The starting point of the initialization is in xenopsd:

(* The code is simplified in order to keep only the interesting parts. *)
let add_device ~xs device backend_list frontend_list private_list
      xenserver_list =
    Mutex.execute device_serialise_m (fun () ->
        (* ... Get backend end frontend paths... *)
        Xs.transaction xs (fun t ->
            ( try
                ignore (t.Xst.read frontend_ro_path) ;
                raise (Device_frontend_already_connected device)
              with Xs_protocol.Enoent _ -> ()
            ) ;
            t.Xst.rm frontend_rw_path ;
            t.Xst.rm frontend_ro_path ;
            t.Xst.rm backend_path ;

            (* Create paths + permissions. *)
            t.Xst.mkdirperms frontend_rw_path
              (Xenbus_utils.device_frontend device) ;
            t.Xst.mkdirperms frontend_ro_path (Xenbus_utils.rwperm_for_guest 0) ;
            t.Xst.mkdirperms backend_path (Xenbus_utils.device_backend device) ;
            t.Xst.mkdirperms hotplug_path (Xenbus_utils.hotplug device) ;
            t.Xst.writev frontend_rw_path
              (("backend", backend_path) :: frontend_list) ;
            t.Xst.writev frontend_ro_path [("backend", backend_path)] ;
            t.Xst.writev backend_path
              (("frontend", frontend_rw_path) :: backend_list) ;
          (* ... *)

One of the role of xenopsd here is to create VIFs and VBDs to boot correctly a VM. This is the output given when a new device must be added:

/var/log/xensource.log:36728:Nov 24 16:40:24 xcp-ng-lab-1 xenopsd-xc: [debug||14 |Parallel:task=5.atoms=1.(VBD.plug RW vm=6f25b64e-9887-7017-02cc-34e79bfae93d)|xenops] adding device  B0[/local/domain/0/backend/vbd3/1/768]  F1[/local/domain/1/device/vbd/768]  H[/xapi/6f25b64e-9887-7017-02cc-34e79bfae93d/hotplug/1/vbd3/768]
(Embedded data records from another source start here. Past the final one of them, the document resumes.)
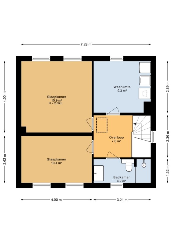 Op deze verdieping bevinden zich meerdere slaapkamers van goed formaat. Deze kamers zijn flexibel in te delen en daardoor niet alleen geschikt als slaapkamer, maar ook als werk-, hobby- of logeerkamer. De badkamer is functioneel en biedt mogelijkheden voor modernisering naar hedendaagse woonwensen.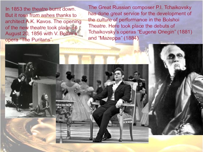 The Great Russian composer P.I. Tchaikovsky has done great service for the development of the culture of performance in the Bolshoi Theatre. Here took place the debuts of Tchaikovsky’s operas “Eugene Onegin” (1881) and “Mazeppa” (1884)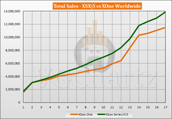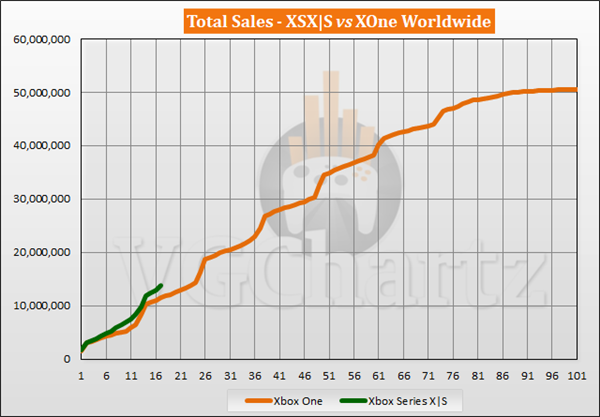 根据VGChartz主机销售数据,微软XSX/S主机自成立(第17个月)以来,截至今年3月,在全世界共销售138 67499美元。
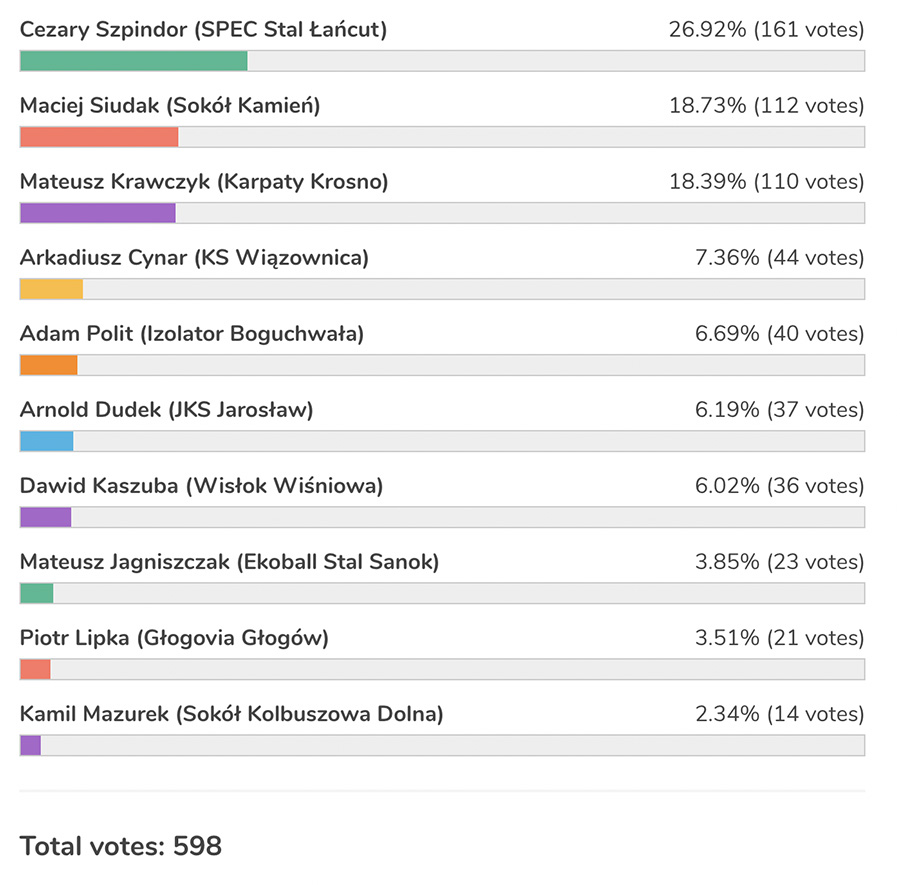 Wśród bramkarzy 4 ligi podkarpackiej najlepszy okazał się Cezary Szpindor ze SPEC Stali Łańcut (161 głosów - 26,92% całości). To on zostaje głównym bramkarzem. Drugie miejsce i pozycja rezerwowego przypadła Maciejowi Siudakowi z Sokoła Kamień, który zdobył 112 głosów i zaledwie o 2 pokonał Mateusza Krawczyka z Karpat Krosno. W tej kategorii oddaliście 598 głosów.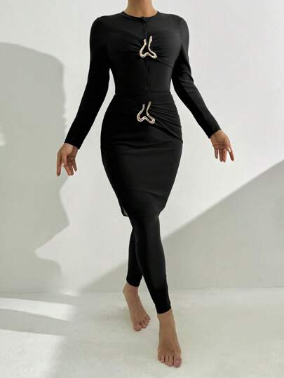 Swim Mulvari 3 件女士金属装饰纯色布基尼套装,适合海滩 - 黑色 - 查看 2

The interesting paths are:

  • Backend path: /local/domain/0/backend/vbd3/1/768
  • Frontend path: /local/domain/1/device/vbd/768

When the two paths are written, the creation of the device connection is triggered. In fact the Xenbus backend instance in the kernel space of Dom0 has a watch on the /local/domain/0/backend/vbd path. Same idea for the /local/domain/<DomU id>/device/vbd in the guest kernel space.

After that the creation/connection can start in tapdisk/tapback. When a new device must be created in the guest, tapback_backend_create_device is executed to start the creation; at this moment parameters like "max-ring-page-order" are written using Xenstore to be read later by the PV driver. Important: only a structure is allocated in memory at this time, there is no communication with the guest, the Xenbus state is XenbusStateUnknown on both sides.
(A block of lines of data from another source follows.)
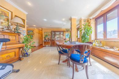 CORSO DI FRANCIA - Nel cuore di Corso di Francia, in una delle aree più centrali e richieste della Capitale, proponiamo in vendita un appartamento spazioso e ben tenuto, situato al terzo piano di una palazzina con servizio di portineria. L'immobile si presenta in buono stato conservativo e si distingue per la funzionalità e l'ottima distribuzione interna. L'ingresso si apre su un ampio salone doppio, ideale per accogliere e vivere momenti in pieno comfort. La cucina abitabile è dotata di una comoda zona lavanderia separata, pensata per ottimizzare la vita quotidiana. La zona notte è composta da tre camere da letto e due bagni finestrati, di cui uno en-suite, a servizio diretto della camera padronale. Elemento distintivo dell'appartamento è l'eccellente capacità contenitiva, grazie a sei armadi a muro perfettamente integrati e a un ampio soppalco. Presenti due balconi che garantiscono una piacevole luminosità durante tutto il giorno e una vista aperta sulla zona circostante. A completare la proprietà troviamo una cantina e un posto auto a rotazione per 9 mesi l'anno. Possibilità di acquisto di un box auto della stessa proprietà ad un prezzo aggiuntivo di 40.000. Questo appartamento rappresenta un'ottima soluzione abitativa per chi cerca spazio, comfort e posizione strategica, in un contesto urbano ricco di servizi, collegamenti e attività commerciali.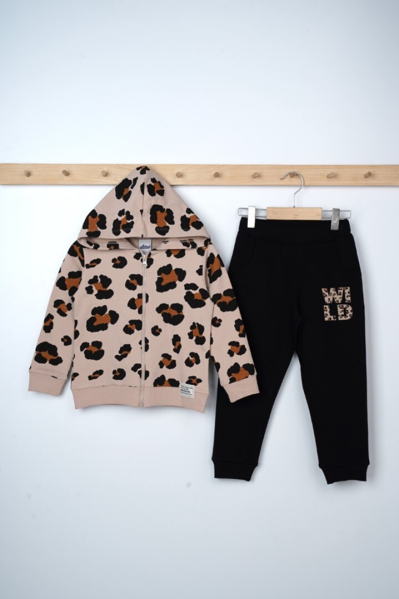 Girls' Suits - Wholesale Girls Leopard Print Zippered Tracksuit Set 3-6Y 1025-21606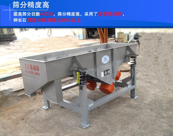 直線振動篩高篩分目數(shù)400目,篩分精度高,采用了全密閉結(jié)構(gòu),鉀長石篩選分級精度達96%以上。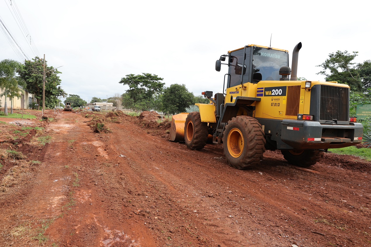 Paralelamente, máquinas já executam pavimentação nas ruas Olívio Waldemar Beker e Ramão Gomes de Matos, na parte final do bairro, ampliando a infraestrutura urbana local.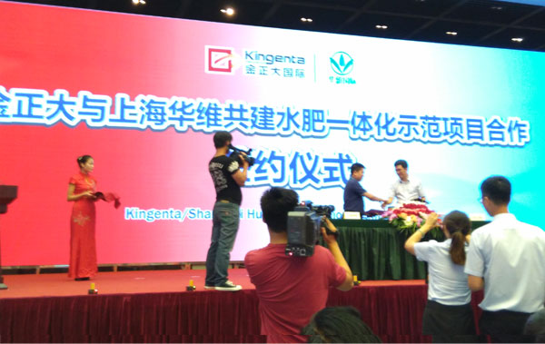 作为“金正大赠送10万套滴灌设备”活动的合作伙伴、中国经济作物高效水肥一体化灌溉领域的自主知名品牌,上海华维应邀参会与金正大举行了“金正大与上海华维共建水肥一体化示范项目合作签约仪式”。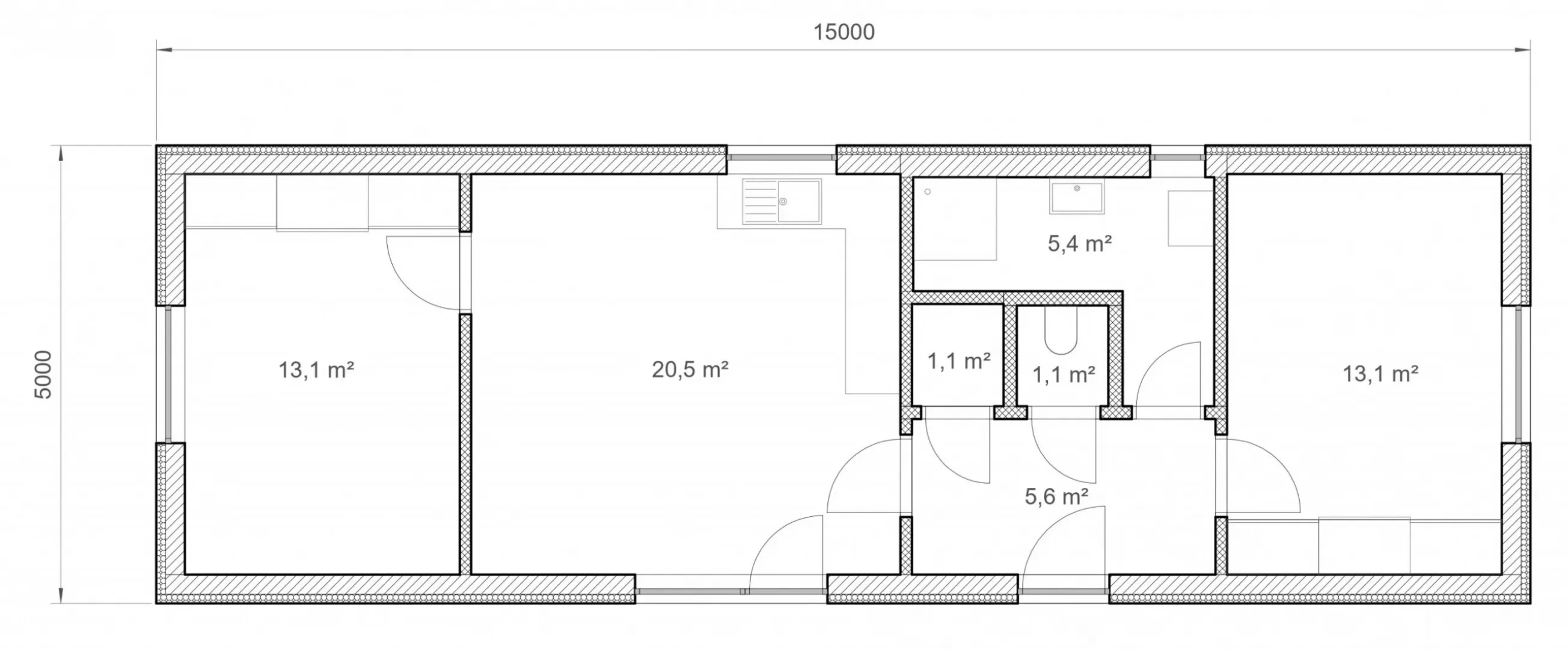 Es kombiniert ein Flachdach mit einer natürlichen Holzverkleidung, was ein angenehmes und rustikales Aussehen ergibt. Mit Abmessungen von bis zu 5 x 15 Metern bietet dieses geräumige Modul nicht nur viel Platz für komfortables Wohnen, sondern eignet sich auch hervorragend für gewerbliche Zwecke wie Cafés, kleine Geschäfte oder Büros.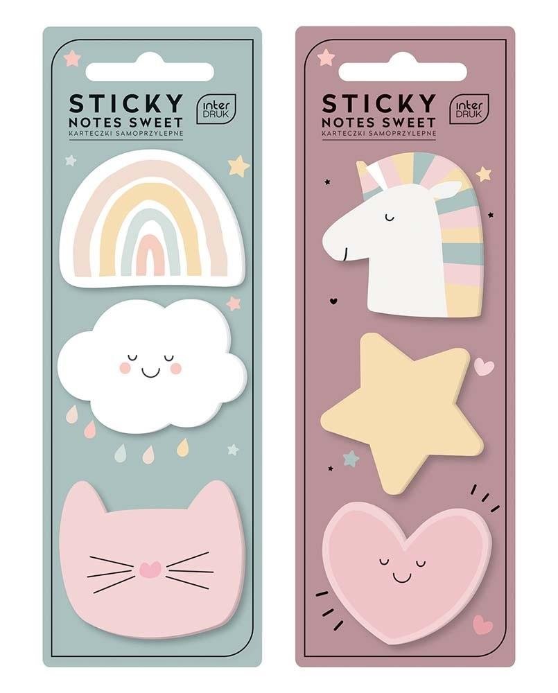 Karteczki samoprzylepne do codziennej organizacji, zaznaczania stron w książkach, robienia krótkich notatek oraz zostawiania ważnych wiadomości. Nie pozostawiają śladu po odklejeniu. Można po nich pisać. 2 wzory do wyboru. 75 szt. karteczek.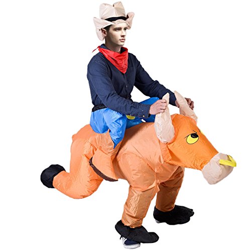 -. Binding : Toy -. Brand : Super buy -. Department : unisex-child -. EAN : 6933315536237 -. Feature : Suitable for Man from 1.5m to 2.0m tall / Material: Waterproof Polyester Fabrics / Package Includes: 1 x Fancy Dress Bull (Hat included) / Require 4 ×AA batteries(not included in the item) / Easy and quick to inflate and deflate -. Label : Super buy -. Manufacturer : Super buy -. ProductGroup : Toy -. ProductTypeName : TOYS_AND_GAMES -. Publisher : Super buy -. Studio : Super buy -. Title : Super buy Waterproof Inflatable Motor Fancy Dress Horse Bull Riders Christmas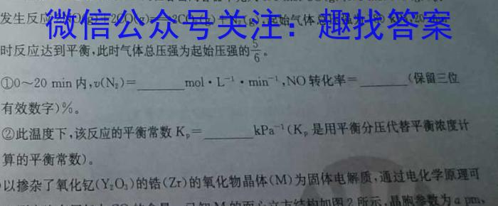 的恒容密闭容器中充入0.3molCO(g)、0.3molNO(g),,仅,起始气体总压强为(3)一定温度下,起始时向2L发生反应2NO(g)+2CO(g)2CO2(g)+N2(g)180kPa,20min时反应达到平衡,此时气体总压强为起始压强的56。molL^-1^-1,NO转化率=(保留三位①020min内,v(N2)=②此温度下,该反应的平衡常数有效数字)%。是用平衡分压代替平衡浓度计Kp=kPa^-1(Kp算的平衡常数)。)的锆(Zr)的氧化物晶体(M)为固体电解质,通过电化学原理可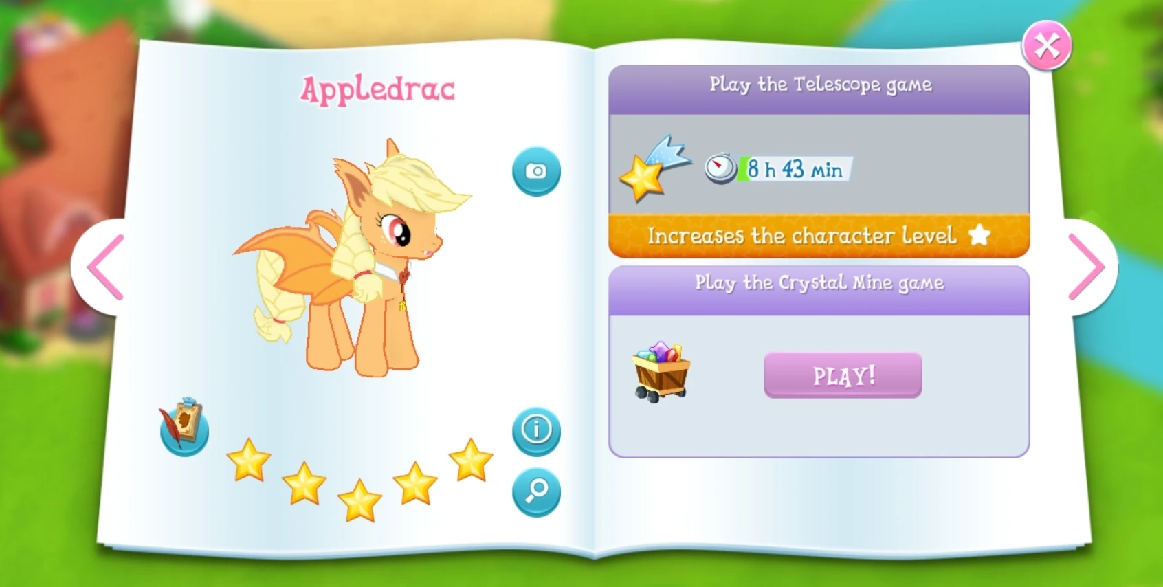 Appledrac is a pony who lives in Ponyville. She was added in Update 4.7 in the Nightmare Night Update in 2018. She is the vampire variant of Applejack.

After that the real connection can start, it's the goal of static inline int reconnect(vbd_t *device) in tapback:

  1. A watch is added on <Frontend path>/state by the backend to be notified when the state is updated. Same idea in the frontend code, a watch is added on <Backend path>/state.
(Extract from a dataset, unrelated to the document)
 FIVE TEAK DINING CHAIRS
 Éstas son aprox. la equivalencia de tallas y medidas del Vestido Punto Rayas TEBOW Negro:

  2. tapback is waiting for the hotplug scripts completion of the guest. After that it can switch to XenbusStateInitWait state. The frontend can then read the parameters like "max-ring-page-order" and responds using the store. blkfront creates a shared ring buffer using xenbus_grant_ring, so under the hood memory pages are shared between the DomU and Dom0 to use this ring. Also an event channel is created by the frontend via xenbus_alloc_evtchn to be notified when data is written in the ring. Finally blkfront can update its state to: XenbusStateInitialised.

  3. After the last state update, tapback can finalize the bus connection in xenbus_connect: the grant references of the shared ring and event channel port are fetched then it opens a blkif connection using the details given by the frontend.

# Xen Grant table

The grant table is a mechanism to share memory between domains: it's essentially used in this part to share data between a PV driver of a DomU and the Dom0. Each domain has its own grant table and it can give an access to its memory pages to another domain using Write/Read permissions. Each entry of the table are identified by a grant reference, it's a simple integer which indexes into the grant table.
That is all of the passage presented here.